South Sudan’s Nilotic people—the Acholi, Anyuak, Bari, Dinka, Nuer, Shilluk, Kaligi (Arabic Feroghe), Zande, and others—arrived in the country before the 10th century. Tribal migrations, mostly from the region of Bahr el Ghazal, transported the Anyuak Dinka, Nuer, and Shilluk to their current positions in both the Bahr El Ghazal and Upper Nile Regions, while the Acholi and Bari settled in Equatoria. The Azande, Mundu, Avukaya, and Baka, who arrived in South Sudan in the 16th century, founded Equatoria Region, the region’s biggest state.
The Dinka are the biggest ethnic group in South Sudan, followed by the Nuer and Azande, with the Bari coming in fourth. They may be found in the Maridi, Yambio, and Tombura districts of Western Equatoria’s tropical rainforest region, as well as the Adio of Azande client in Yei, Central Equatoria, and Western Bahr el Ghazal. The Avungara clan came to prominence over the rest of Azande society in the 18th century, and this dominance lasted until the 20th. Geographical barriers, such as the swamplands along the White Nile, and the British preference for sending Christian missionaries to the southern regions, such as the Closed District Ordinance of 1922 (see History of Anglo-Egyptian Sudan), aided in preventing the spread of Islam to the southerners, allowing them to retain their social and cultural heritage, as well as their political and religious freedom. The main causes are the long history of British policy favoring development of the Arab north while neglecting the Black south. Following Sudan’s first independent elections in 1958, Khartoum’s persistent neglect of the south (lack of schools, roads, and bridges) sparked riots, revolts, and the continent’s longest civil war. Acholi, Anyuak, Azande, Baka, Balanda Bviri, Bari, Boya, Didinga, Dinka, Jiye, Kaligi(Arabic Faroghe), Kuku, Lotuka, Mundari, Murie, Nilotic, Nuer, Shilluk, Toposa, and Zande are among the peoples as of 2012.
Slavery has been a part of Sudanese society for centuries. The slave trade in the south grew in the nineteenth century and persisted even after the British abolished slavery in most of Sub-Saharan Africa. Annual Sudanese slave raids into non-Muslim lands resulted in the capture of tens of thousands of southern Sudanese and the devastation of the region’s stability and economy.
Because to their monarch Gbudwe’s expansionist strategy in the 18th century, the Azande have had excellent ties with their neighbors, including the Moru, Mundu, Pöjulu, Avukaya, Baka, and minor tribes in Bahr el Ghazal. To preserve their freedom, the Azande battled the French, Belgians, and Mahdists in the nineteenth century. Egypt, under the reign of Khedive Ismail Pasha, tried to govern the area for the first time in the 1870s, creating the province of Equatoria in the south. Egypt’s first governor, Samuel Baker, was appointed in 1869, and he was succeeded by Charles George Gordon in 1874 and Emin Pasha in 1878.
The fledgling province was destabilized by the Mahdist Revolt of the 1880s, and Equatoria ceased to exist as an Egyptian frontier in 1889. Lado, Gondokoro, Dufile, and Wadelai were all important villages in Equatoria. The Fashoda Incident near present-day Kodok brought European colonial maneuverings in the area to a climax in 1898, when Britain and France almost went to war over the territory. The Rajaf Conference to unite North and South Sudan shattered British aspirations of joining South Sudan with Uganda and leaving Western Equatoria as part of the Democratic Republic of Congo in 1947.

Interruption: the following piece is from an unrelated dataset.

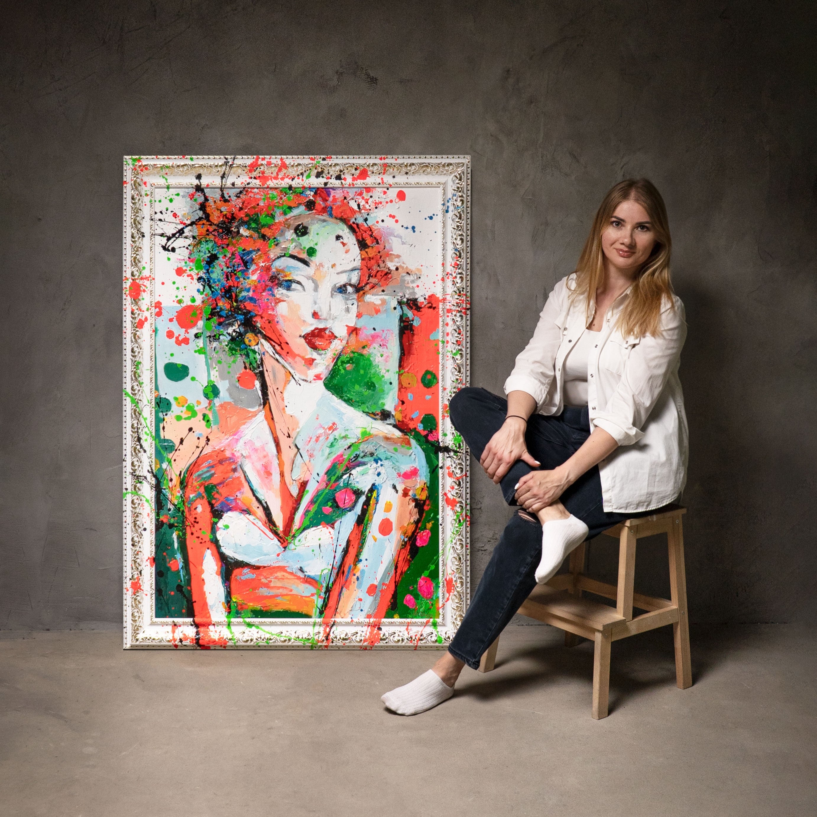 • Abstraktes Porträt Frau handgemaltes Leinwandbild Atelier

South Sudan has an estimated population of 8 million people, although due to the absence of a census in many decades, this figure may be greatly inflated. The economy is mostly rural and based on subsistence farming. Around 2005, the economy started to shift away from its rural dominance, and South Sudan’s metropolitan regions have experienced significant growth.
Since Sudan’s independence, the region has been negatively impacted by two civil wars: from 1955 to 1972, the Sudanese government fought the Anyanya rebel army (Anya-Nya is a term in the Madi language that means’snake venom’) during the First Sudanese Civil War, followed by the Sudan People’s Liberation Army/Movement (SPLA/M) for over twenty years during the Second Sudanese Civil War. As a consequence, the nation suffered from severe neglect, a lack of infrastructure development, and widespread devastation and relocation. Over 2.5 million people have been murdered, and millions more have fled the nation, both within and beyond the country.